Powerpoint - Link to the video will be online shortly

Presenter: Tom Smekens

You may have heard of Bayesian methods and how they are supposedly so much better but also so much more complicated.  Or you may have considered them yourself as an alternative approach to typical hypothesis testing. In this session, we introduce you to the concepts of Bayesian thinking, where nothing is certain and everything is permitted,  without going into the very complex mathematical background and explain in which cases its approach can help you the most.
 

How to analyse a snowboarding granny – dealing with outliers

Presenter: Achilleas Tsoumanis

Are outliers just false measurements and is it OK to remove all outliers from a study before data-analysis? Despite this being a common practice, the actual answer is not surprisingly no. In this session, we discuss what outliers are and why they are valuable tools to study the quality of your data rather than annoying patients that are best left out of the analysis.
 

Help, my data has gone missing – an introduction to incomplete data

Presenter: Achilleas Tsoumanis

Missing data occur in almost every study and can be a major problem during the analysis stage. Even for the simplest of designs, there is typically more than one way to handle the data when some input is missing. We will give a short introduction to different types of missingness and the dangers of ignoring the problem altogether. Additionally, we will give a brief introduction to some techniques that can handle missing data.
 

Pie is for birthdays, not for graphs – Simple tips for better graphs

Presenter: Meryam Krit

They say that a picture says more than a thousand words.  Indeed, to properly explain all the information found in a picture, multiple paragraphs are typically needed. Similarly, in research, it’s not uncommon for specialists to do a first “read” of papers by only glancing at the figures. Good quality graphs are therefore vital to get a message across. Additionally, graphs can easily mislead readers without being intended that way.
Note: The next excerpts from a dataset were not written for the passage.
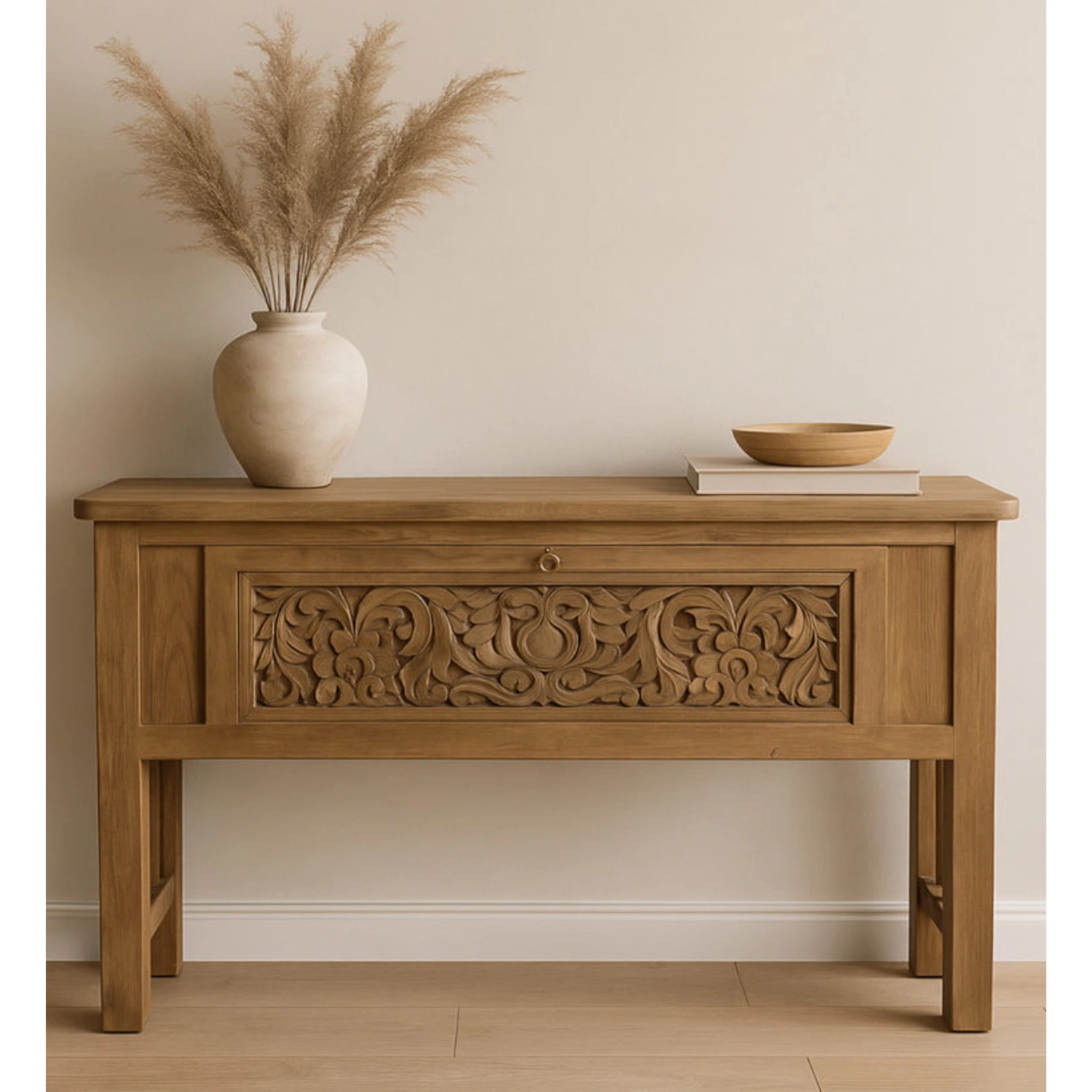 Su diseño artesanal y el uso de madera recuperada aportan personalidad, durabilidad y un toque orgánico que convierte esta consola en un elemento decorativo y funcional para cualquier estancia.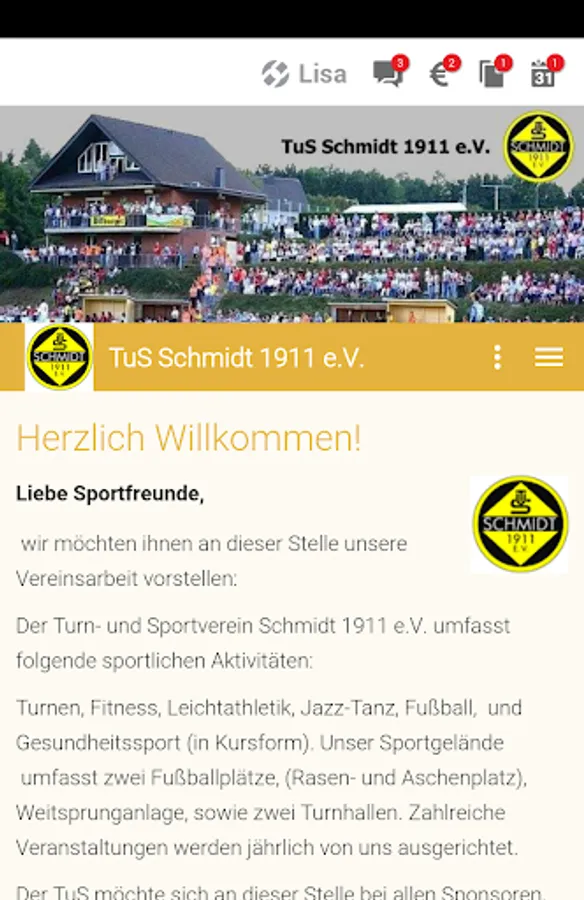 Gymnastics, fitness, athletics, jazz dance, football, health and sports (in course form). Our sports field comprises two soccer fields, (grass and clay court), long jump system, and two gyms. With our app you are always informed about the numerous current events of our sports departments as well as news about the club.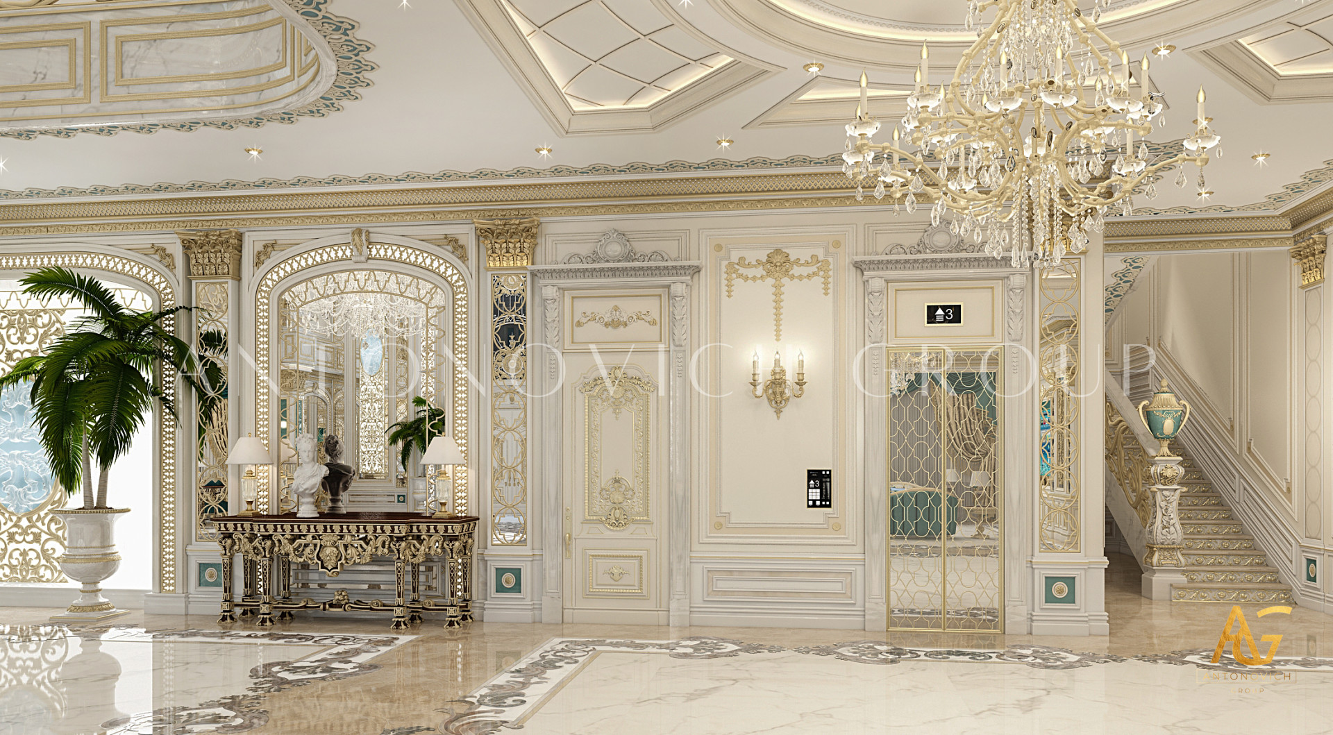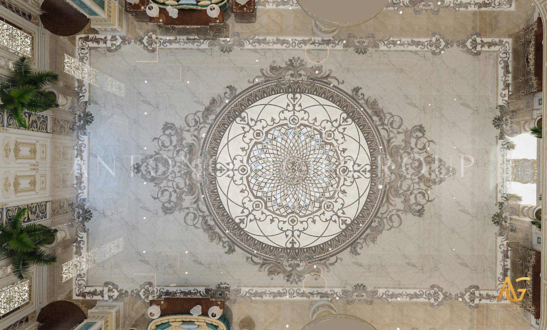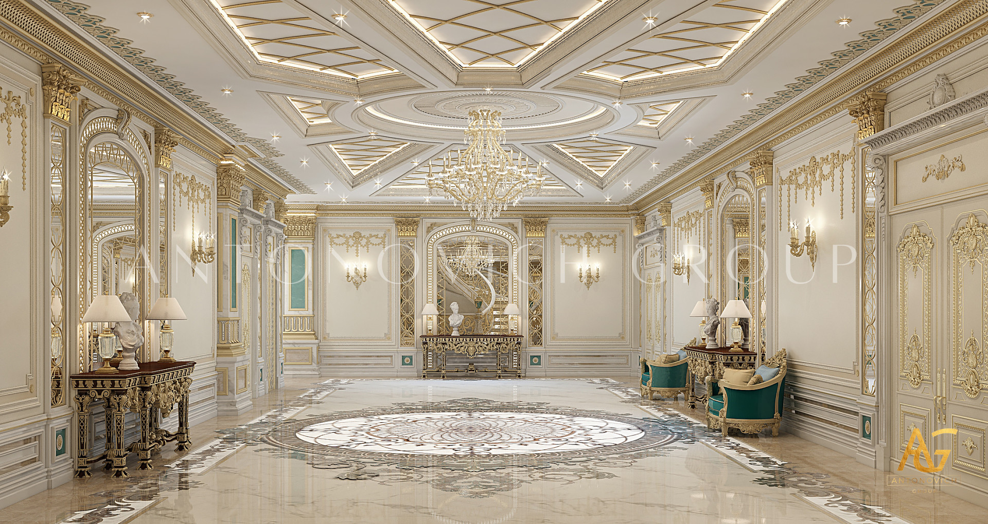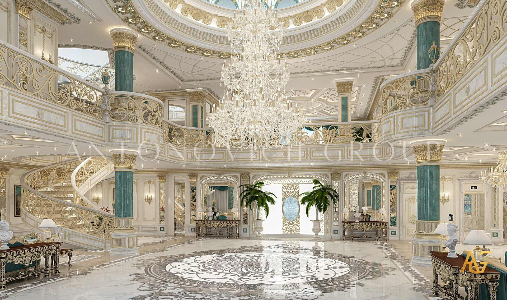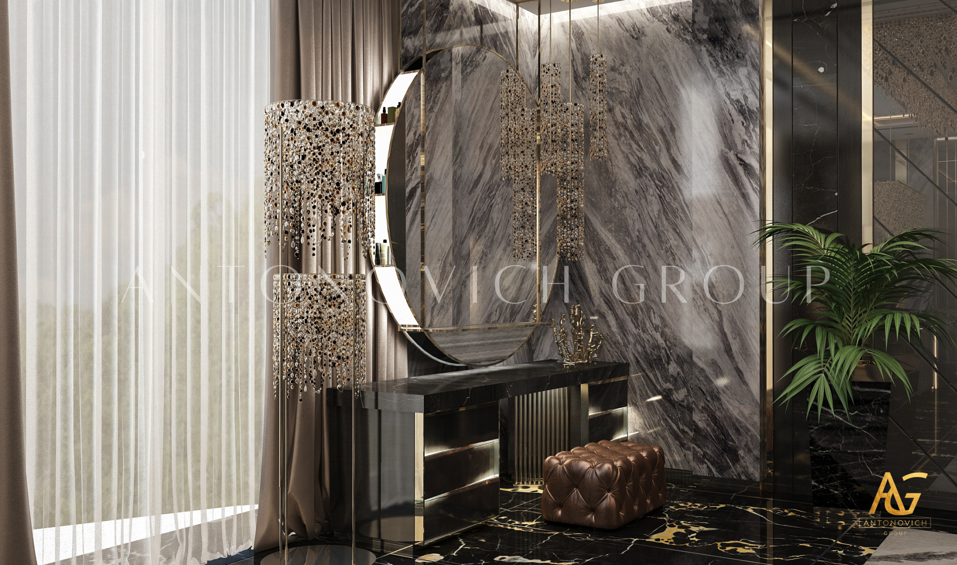 No doubt, Luxury Antonovich Design is always the best choice for every elite client in developing their properties local and international. This Royal style villa is one of the recent greatest examples of outstanding project design execution as it has been perfectly accomplished the style according to every clients requirement at the same time is sticking up with the classical design concept. There is a set of visible luxuriousness that can be seen in every detailed decoration and furniture design, such as the customized huge chandelier at the center of the lobby, out of this world detailed design and craftsmanship towards the flooring of the lobby with a perfect underneath lighting, the dramatic staircase design, perfect selections of extra luxurious furniture’s.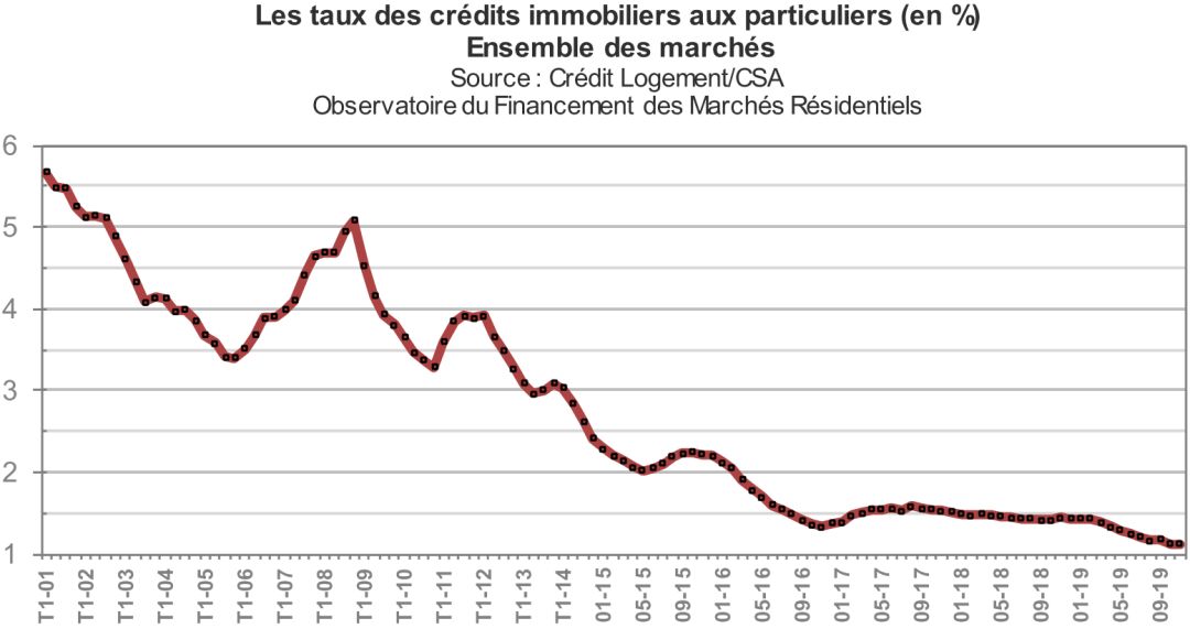 朋友的一句话说的好,傻子才不买房。下图为从2001年-2019年的法国贷款利率指数:

In this session, we highlight some important choices leading to both visually pleasing and correct figures.
 

10 ways to hack your data into significance (and why you shouldn't do it)

Presenter: Bart Jacobs

It’s often disappointing when a scientific study does not produce the significant association that was hypothesized. Researchers can be very creative in finding ways to squeeze something significant out of their data anyway, with the hope of improving their chances of publication. In this session, we will explain you some of these methods, not to apply them yourself, but to recognize them when studying the literature and adjust expectations accordingly when planning your own study.
 

Do small datasets produce more significant results? – Reproducible research

Presenter: Tom Smekens

In this session, we look into the myth that small datasets seemingly typically produce more significant results than large datasets. The real reason for this phenomenon is publication bias. The prevalence and consequences are probably even worse than you might think. We will also share some tips on how to make your research as robust and reproducible as possible.
 

Improving your study – How the tips from these seminars can help you

Presenter: Bart Jacobs

In this final seminar, we will give a brief overview of the different topics that we touched during the series and highlight how your newfound knowledge about them can help you from setting up your newest study to publishing the results. We also welcome all questions and feedback and will try to answer any additional questions you have.